Nice: quatre eurodéputés face à l’euroscepticisme
Quatre députés, de quatre bords différents, pour un exercice de pédagogie transpartisan sur l’Europe. Le Mouvement européen des Alpes-Maritimes a organisé, hier soir à Nice, son « grand oral des eurodéputés du Sud-Est ». Bruno Gollnisch (RN), Françoise Grossetête (LR), Sylvie Guillaume (PS) et Marie-Christine Vergiat (Front de gauche) ont livré leurs visions, souvent antagonistes, sur les événements majeurs qui ont jalonné la vie de l’Union ces cinq dernières années, comme sur le cap à lui donner désormais, dans un contexte de plus en plus prégnant d’euroscepticisme, voire de rejet frontal.

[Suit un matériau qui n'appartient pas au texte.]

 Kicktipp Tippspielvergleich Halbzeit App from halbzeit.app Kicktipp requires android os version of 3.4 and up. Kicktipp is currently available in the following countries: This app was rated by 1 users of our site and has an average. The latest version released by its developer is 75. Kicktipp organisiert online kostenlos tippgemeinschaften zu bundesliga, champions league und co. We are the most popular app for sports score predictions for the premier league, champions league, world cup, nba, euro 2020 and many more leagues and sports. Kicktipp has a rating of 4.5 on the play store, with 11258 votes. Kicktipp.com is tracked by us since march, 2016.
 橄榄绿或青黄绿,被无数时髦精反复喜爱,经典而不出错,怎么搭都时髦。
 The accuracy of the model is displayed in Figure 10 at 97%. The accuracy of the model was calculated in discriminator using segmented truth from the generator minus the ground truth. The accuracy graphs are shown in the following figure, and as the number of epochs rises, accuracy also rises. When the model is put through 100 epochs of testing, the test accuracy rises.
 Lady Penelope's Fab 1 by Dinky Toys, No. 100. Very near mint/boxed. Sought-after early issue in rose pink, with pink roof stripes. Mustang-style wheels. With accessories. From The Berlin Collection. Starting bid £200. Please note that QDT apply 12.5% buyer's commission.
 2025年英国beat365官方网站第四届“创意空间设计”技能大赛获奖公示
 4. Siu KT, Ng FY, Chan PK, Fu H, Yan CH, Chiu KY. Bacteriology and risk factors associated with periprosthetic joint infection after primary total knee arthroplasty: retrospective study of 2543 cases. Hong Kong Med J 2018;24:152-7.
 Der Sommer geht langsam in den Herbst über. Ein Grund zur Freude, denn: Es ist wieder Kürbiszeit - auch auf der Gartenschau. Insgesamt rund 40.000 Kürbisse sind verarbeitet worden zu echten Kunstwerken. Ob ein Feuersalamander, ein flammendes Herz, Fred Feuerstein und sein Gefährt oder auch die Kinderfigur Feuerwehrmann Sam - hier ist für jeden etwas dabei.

L’immigration, à fleur de peau
Relancés par Stéphane Leneuf, rédacteur en chef à France Inter, et titillés par une assistance pugnace, par moments virulente, les protagonistes ont joué le jeu d’un débat courtois, sans rien lâcher de leurs convictions pour autant. Ce fut le cas en particulier sur l’immigration, qui a suscité de très longs échanges à fleur de peau. Autour de Françoise Grossetête et Sylvie Guillaume, partisanes à des degrés intermédiaires d’une immigration contrôlée, Marie-Christine Vergiat et Bruno Gollnisch ont divergé dans les grandes largeurs. L’eurodéputée Front de gauche a brandi l’étendard de la générosité : «Il faut arrêter de faire peur aux gens en leur livrant des chiffres qui ne sont pas fondés et en confondant la lutte contre le terrorisme et l’immigration irrégulière. Ceux qui traversent la Méditerranée au péril de leur vie n’ont pas le choix. Je plaide pour qu’ils puissent venir dans l’Union européenne avec des visas humanitaires. Il est insupportable que des gens meurent en Méditerranée. » Bruno Gollnisch, à l’inverse, s’est employé à stigmatiser les périls: «Notre continent est menacé de submersion. L’Europe a été massivement en faveur de l’immigration. Il faut arrêter les régularisations.»
Asile : entrées en France l’an dernier
Les quatre députés se sont, au moins, accordés sur un point : la nécessité d’investir massivement en Afrique pour y fixer les populations, Bruno Gollnisch évoquant, notamment, son soutien au projet Borloo d’électrification de l’Afrique. A la question d’un gilet jaune « en civil », Sylvie Guillaume a précisé que «100000 demandes de droit d’asile ont été déposées en France l’an dernier. 25 % ont été validées en première instance et 10 % de plus en seconde instance, soit 35 000 entrées environ », avant de suggérer «la mise en oeuvre d’une agence européenne de l’asile ». Françoise Grossetête, de son côté, a insisté sur la nécessité «de renforcer les frontières de Schengen et de mettre en place une Europe de la défense pour assurer une autonomie stratégique de l’Union», tout en affirmant sa farouche hostilité à une intégration de la Turquie dans l’UE.
Défiance persistante
Aucun des protagonistes n’a en revanche défendu la position de Frexit qui est celle de l’Union populaire républicaine de François Asselineau. Pas même Bruno Gollnisch, le Rassemblement national s’inscrivant, pour l’instant, dans une logique de refonte de l’intérieur, pour transformer «le super-Etat européen qui régente la vie des Européens sous tous ses aspects en une Europe des coopérations entre Etats souverains ». Au cours ce débat nourri, aura finalement surtout transpiré une défiance manifeste de l’auditoire à l’endroit des députés européens. Mettant en cause la lisibilité de l’action de l’Europe, un spectateur a promis une abstention record fin mai… Le Mouvement européen, qui s’est assigné pour mission la promotion de l’Europe, a encore bien du pain sur la planche.